Sen. Key: Session Successful For Schools
The passage of a new school choice law was this session’s most important education-related measure, according to Sen. Johnny Key, R-Mountain Home, chairman of the Senate Education Committee.
Unlike the state’s previous school choice law, Act 1227 does not take into account a student’s race, though schools under a desegregation court order are exempt.
Nearly 16,000 students are attending a district other than the one where they live, but the state’s previous school choice law said that non-resident students could not transfer to a district where there was a higher percentage of the student’s race. The provision was meant to prevent white flight.
A group of parents in Malvern sued in order to transfer their children to nearby schools. A district court last year found the race-based provisions to be unconstitutional, but the case was under appeal. Under the district court’s decision, there had been no school choice option for Arkansas students until the Eighth Circuit Court of Appeals rendered its decision.
Key said in an interview with Talk Business that Act 1227 passed despite the objections of many who would have preferred more guidance from the Eighth Circuit.
“That was the mantra by many folks was to wait,” he said. “I think the Governor’s office would have preferred to wait. The AG’s office, all the education establishment said we just need to wait on the Eighth Circuit to rule. And the fact that we were able to get to a compromise and make a school choice law happen, I think’s pretty significant. I am proud of that fact that we were able as a body to get to that point.”
Key’s bill originally allowed unfettered school choice options except when a district was under a desegregation order. However, opponents argued in testimony that such an open choice law would result in resegregation in parts of Arkansas, so Key amended it to address those concerns.
The law caps transfers from a district at three percent of its average daily population, will require the Department of Education to collect transfer data, and will expire on July 1, 2015, forcing the Legislature to revisit the law that year. It also contains a “grandfather clause” that allows students who have already transferred to remain in their new districts.
Key said other major education-related acts included Act 601 by Sen. Joyce Elliott, D-Little Rock, which creates districts of innovation that can request exemptions from regulations so they can apply new teaching methods.

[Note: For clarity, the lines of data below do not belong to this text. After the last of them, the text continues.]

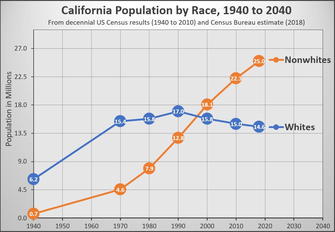 While White demographic decline looks especially terrible from a percentage basis, it is not as bad numerically. For instance, Whites went from 76% in 1970 to about 40% today, though the youth population is closer to 30% White. Numerically, White Californians declined from a peak of about 17 million in 1990, to 14.6 million today, and are expected to hit 13.7 million by 2050. After the current exodus and big drop in the White population, from when the Boomers are gone, I don’t predict endless White decline but rather some stability. Perhaps a plateau at around 13 million, as Whites who remain will be the most resilient and adapted to California.
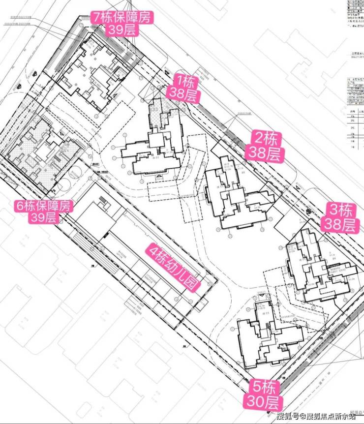 项目规划由6栋住宅及1栋幼儿园组成,总户数为1675户,其中1、2、3、5栋为总高30-38层高纯商品房住宅,共775户,4栋为3层高幼儿园,6、7栋为39层的保障性住房,共900户。
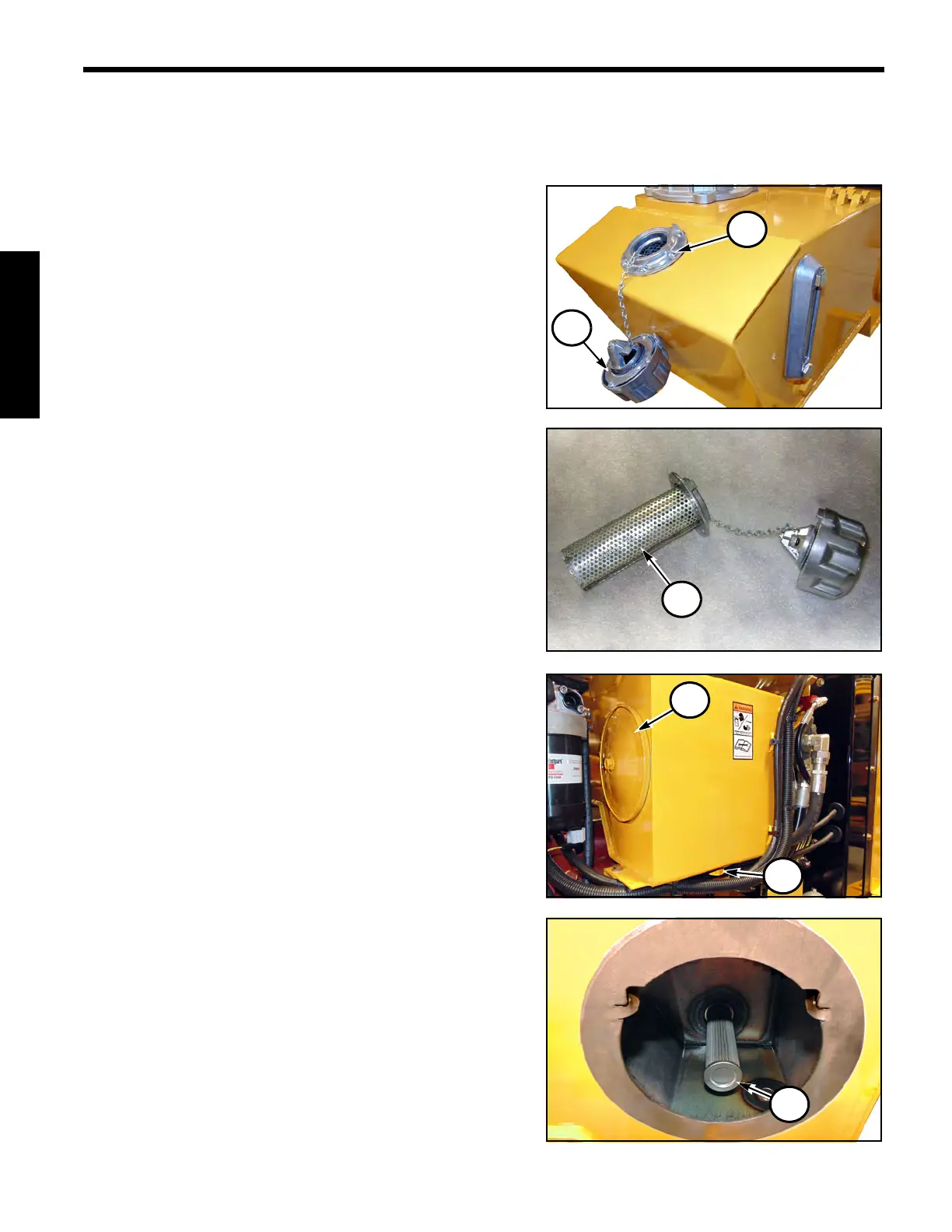 9. Fill hydraulic oil tank. Install fill cap and lock.

Key said he had entered the session hoping not to “burden schools with new requirements.” He pointed to the Teacher Evaluation Support System, created by 2011 legislation, as a significant reform that schools need time to implement. The system sets up a process where teachers can be evaluated, improved and, if necessary, dismissed.
Among items still on the to-do list are a change in the way the state allocates National School Lunch Act funding. Under Act 1467 by Rep. James McLean, D-Batesville, the state will study its NSLA funding prior to the 2014 fiscal session.
The state allocates federal NSLA dollars based on the number of students receiving free and reduced lunch prices because of their family incomes.
The current state-based formula uses a tiered approach based on whether a district has 90 percent qualifying students, 70 percent, or less than 70 percent. That can result in a significant difference in funding. A district with exactly 70 percent qualifying students received $1,033 in NSLA funds per NSLA student in the 2012-13 school year and will receive that much next year. With one less qualifying student, it’s $517 per NSLA student.
Key’s Senate Bill 811 would have “smoothed” those differences and given more weight to students qualifying for free lunches than those qualifying for reduced prices. However, it ran into opposition when the model would have resulted in 73 percent of school districts losing funding.
Key said that while not every education-related need was addressed, “On the whole, though, I think we had a very successful education session. … We can certainly say that the work we did was good work, but looking forward, there’s still a lot of work that needs to be done.”